*** DATA SHOWN ***
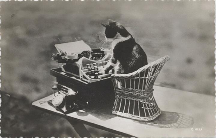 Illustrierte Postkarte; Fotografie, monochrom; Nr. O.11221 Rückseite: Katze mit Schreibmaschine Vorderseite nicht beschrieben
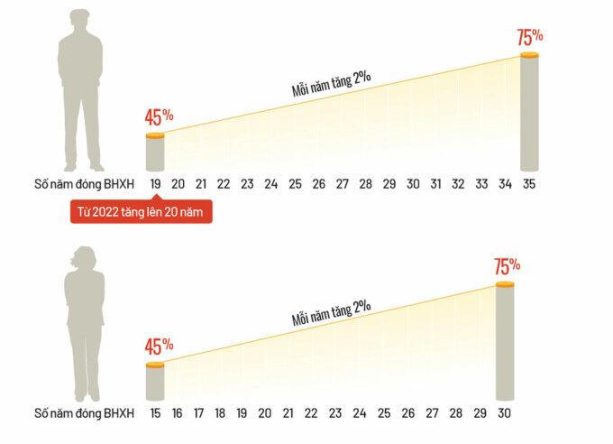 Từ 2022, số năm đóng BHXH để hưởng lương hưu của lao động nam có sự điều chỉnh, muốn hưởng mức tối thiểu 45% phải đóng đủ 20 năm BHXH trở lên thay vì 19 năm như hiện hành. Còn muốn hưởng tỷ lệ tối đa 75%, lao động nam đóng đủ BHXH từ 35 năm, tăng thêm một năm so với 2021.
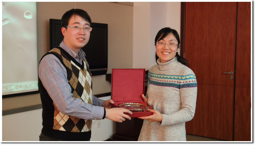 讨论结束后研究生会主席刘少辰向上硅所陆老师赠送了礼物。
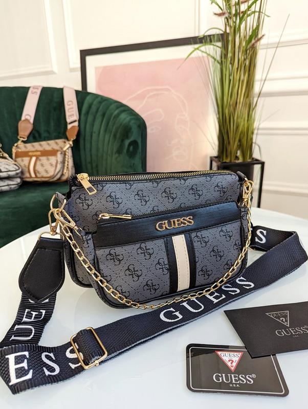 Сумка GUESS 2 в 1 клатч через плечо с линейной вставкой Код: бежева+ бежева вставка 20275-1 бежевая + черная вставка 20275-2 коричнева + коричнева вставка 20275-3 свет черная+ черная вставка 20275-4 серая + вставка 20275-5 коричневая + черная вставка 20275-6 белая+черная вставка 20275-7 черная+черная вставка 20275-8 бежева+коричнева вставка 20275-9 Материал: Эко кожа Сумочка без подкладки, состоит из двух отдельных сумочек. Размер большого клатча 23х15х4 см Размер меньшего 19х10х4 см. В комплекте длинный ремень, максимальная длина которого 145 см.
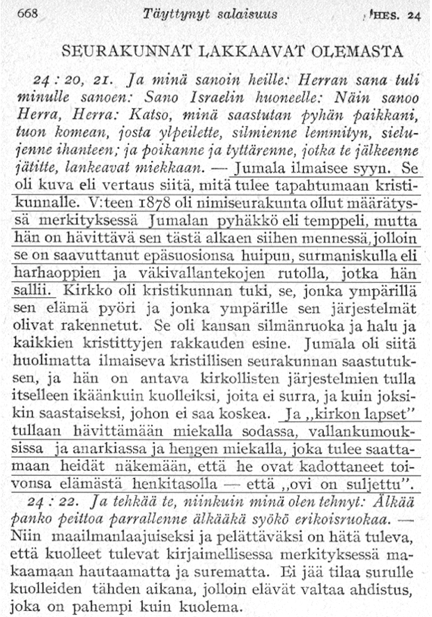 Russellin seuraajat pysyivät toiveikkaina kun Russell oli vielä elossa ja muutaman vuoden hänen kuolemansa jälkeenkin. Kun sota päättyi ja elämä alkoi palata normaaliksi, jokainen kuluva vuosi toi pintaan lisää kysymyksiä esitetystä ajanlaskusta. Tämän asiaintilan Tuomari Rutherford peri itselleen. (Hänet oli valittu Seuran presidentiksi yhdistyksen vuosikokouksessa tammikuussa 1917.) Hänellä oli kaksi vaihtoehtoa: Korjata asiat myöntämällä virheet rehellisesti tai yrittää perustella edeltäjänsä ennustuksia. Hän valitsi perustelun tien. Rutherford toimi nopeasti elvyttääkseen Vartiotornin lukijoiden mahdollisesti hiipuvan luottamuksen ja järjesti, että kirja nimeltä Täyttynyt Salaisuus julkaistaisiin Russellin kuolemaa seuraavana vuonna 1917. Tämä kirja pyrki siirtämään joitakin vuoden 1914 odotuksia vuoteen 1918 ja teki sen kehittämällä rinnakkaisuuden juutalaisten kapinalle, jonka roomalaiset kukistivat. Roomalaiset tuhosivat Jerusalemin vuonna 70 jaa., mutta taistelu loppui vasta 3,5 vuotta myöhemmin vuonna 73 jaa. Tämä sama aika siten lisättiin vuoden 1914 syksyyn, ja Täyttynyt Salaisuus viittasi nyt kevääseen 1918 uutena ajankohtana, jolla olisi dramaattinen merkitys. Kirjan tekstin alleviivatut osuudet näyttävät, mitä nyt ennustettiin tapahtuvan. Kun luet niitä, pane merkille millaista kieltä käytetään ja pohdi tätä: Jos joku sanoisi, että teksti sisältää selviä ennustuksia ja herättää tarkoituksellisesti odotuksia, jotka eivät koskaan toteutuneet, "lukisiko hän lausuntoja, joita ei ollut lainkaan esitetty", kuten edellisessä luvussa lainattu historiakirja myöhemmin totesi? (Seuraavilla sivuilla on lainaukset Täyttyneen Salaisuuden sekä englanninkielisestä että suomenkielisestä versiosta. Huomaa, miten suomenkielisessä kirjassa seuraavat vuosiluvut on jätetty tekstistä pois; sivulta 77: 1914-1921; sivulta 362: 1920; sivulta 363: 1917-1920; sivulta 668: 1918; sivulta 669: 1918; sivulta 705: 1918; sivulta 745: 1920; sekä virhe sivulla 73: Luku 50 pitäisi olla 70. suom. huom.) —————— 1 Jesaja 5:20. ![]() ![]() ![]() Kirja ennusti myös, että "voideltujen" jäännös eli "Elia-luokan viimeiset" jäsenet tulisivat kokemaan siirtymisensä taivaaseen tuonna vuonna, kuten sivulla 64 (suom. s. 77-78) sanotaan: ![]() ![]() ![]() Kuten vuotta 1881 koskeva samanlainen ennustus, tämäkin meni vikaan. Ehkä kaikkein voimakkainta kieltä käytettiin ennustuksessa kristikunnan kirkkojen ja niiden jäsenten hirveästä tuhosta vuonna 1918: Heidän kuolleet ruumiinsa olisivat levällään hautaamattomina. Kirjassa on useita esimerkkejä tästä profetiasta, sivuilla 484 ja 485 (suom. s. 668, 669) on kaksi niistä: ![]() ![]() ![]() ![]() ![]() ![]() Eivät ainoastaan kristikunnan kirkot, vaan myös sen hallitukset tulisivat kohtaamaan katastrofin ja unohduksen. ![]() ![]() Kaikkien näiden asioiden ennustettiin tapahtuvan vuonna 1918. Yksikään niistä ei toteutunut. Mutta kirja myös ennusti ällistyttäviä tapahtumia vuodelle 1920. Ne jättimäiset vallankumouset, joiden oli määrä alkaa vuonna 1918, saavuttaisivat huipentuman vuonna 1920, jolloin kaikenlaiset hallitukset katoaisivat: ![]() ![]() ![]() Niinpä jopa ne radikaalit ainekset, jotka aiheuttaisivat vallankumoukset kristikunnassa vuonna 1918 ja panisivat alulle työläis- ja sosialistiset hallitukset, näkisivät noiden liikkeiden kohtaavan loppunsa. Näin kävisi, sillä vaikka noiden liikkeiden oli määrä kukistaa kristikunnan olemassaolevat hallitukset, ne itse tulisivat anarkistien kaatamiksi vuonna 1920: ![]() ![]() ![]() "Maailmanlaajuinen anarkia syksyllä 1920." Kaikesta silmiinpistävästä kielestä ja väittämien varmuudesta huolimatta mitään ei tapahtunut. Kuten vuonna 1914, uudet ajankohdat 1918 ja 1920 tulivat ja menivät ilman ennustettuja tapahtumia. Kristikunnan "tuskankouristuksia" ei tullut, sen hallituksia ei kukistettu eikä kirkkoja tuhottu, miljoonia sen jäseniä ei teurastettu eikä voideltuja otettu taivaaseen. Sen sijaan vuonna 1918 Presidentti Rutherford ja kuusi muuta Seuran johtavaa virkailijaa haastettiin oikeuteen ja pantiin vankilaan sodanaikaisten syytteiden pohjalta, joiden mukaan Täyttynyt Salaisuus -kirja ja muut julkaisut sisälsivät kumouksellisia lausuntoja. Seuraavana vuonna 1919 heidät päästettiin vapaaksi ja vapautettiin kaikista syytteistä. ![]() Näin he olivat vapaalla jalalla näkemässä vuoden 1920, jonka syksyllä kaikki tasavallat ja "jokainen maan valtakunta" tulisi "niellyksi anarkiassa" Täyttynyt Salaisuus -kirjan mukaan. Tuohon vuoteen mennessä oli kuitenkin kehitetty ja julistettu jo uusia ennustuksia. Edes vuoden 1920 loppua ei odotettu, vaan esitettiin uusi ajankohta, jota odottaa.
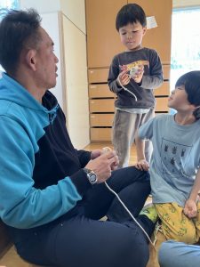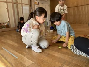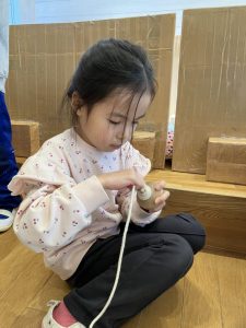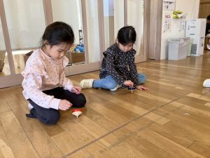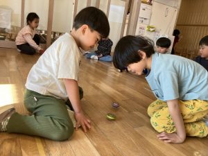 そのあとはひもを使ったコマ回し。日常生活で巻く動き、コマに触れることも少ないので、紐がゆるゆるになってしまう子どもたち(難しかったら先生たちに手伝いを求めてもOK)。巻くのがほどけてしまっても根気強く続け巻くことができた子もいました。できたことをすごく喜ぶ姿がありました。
*** End of DATA SHOWN ***
**TASK INSTRUCTIONS**
Would you reproduce, exactly and with nothing added, every line from the beginning of the entries above through the line that contains "讨论结束后研究生会主席刘少辰向上硅所陆老师赠送了礼物。", both included, leaving out the pictures?

**TASK OUTPUT**
 Illustrierte Postkarte; Fotografie, monochrom; Nr. O.11221 Rückseite: Katze mit Schreibmaschine Vorderseite nicht beschrieben
 Từ 2022, số năm đóng BHXH để hưởng lương hưu của lao động nam có sự điều chỉnh, muốn hưởng mức tối thiểu 45% phải đóng đủ 20 năm BHXH trở lên thay vì 19 năm như hiện hành. Còn muốn hưởng tỷ lệ tối đa 75%, lao động nam đóng đủ BHXH từ 35 năm, tăng thêm một năm so với 2021.
 讨论结束后研究生会主席刘少辰向上硅所陆老师赠送了礼物。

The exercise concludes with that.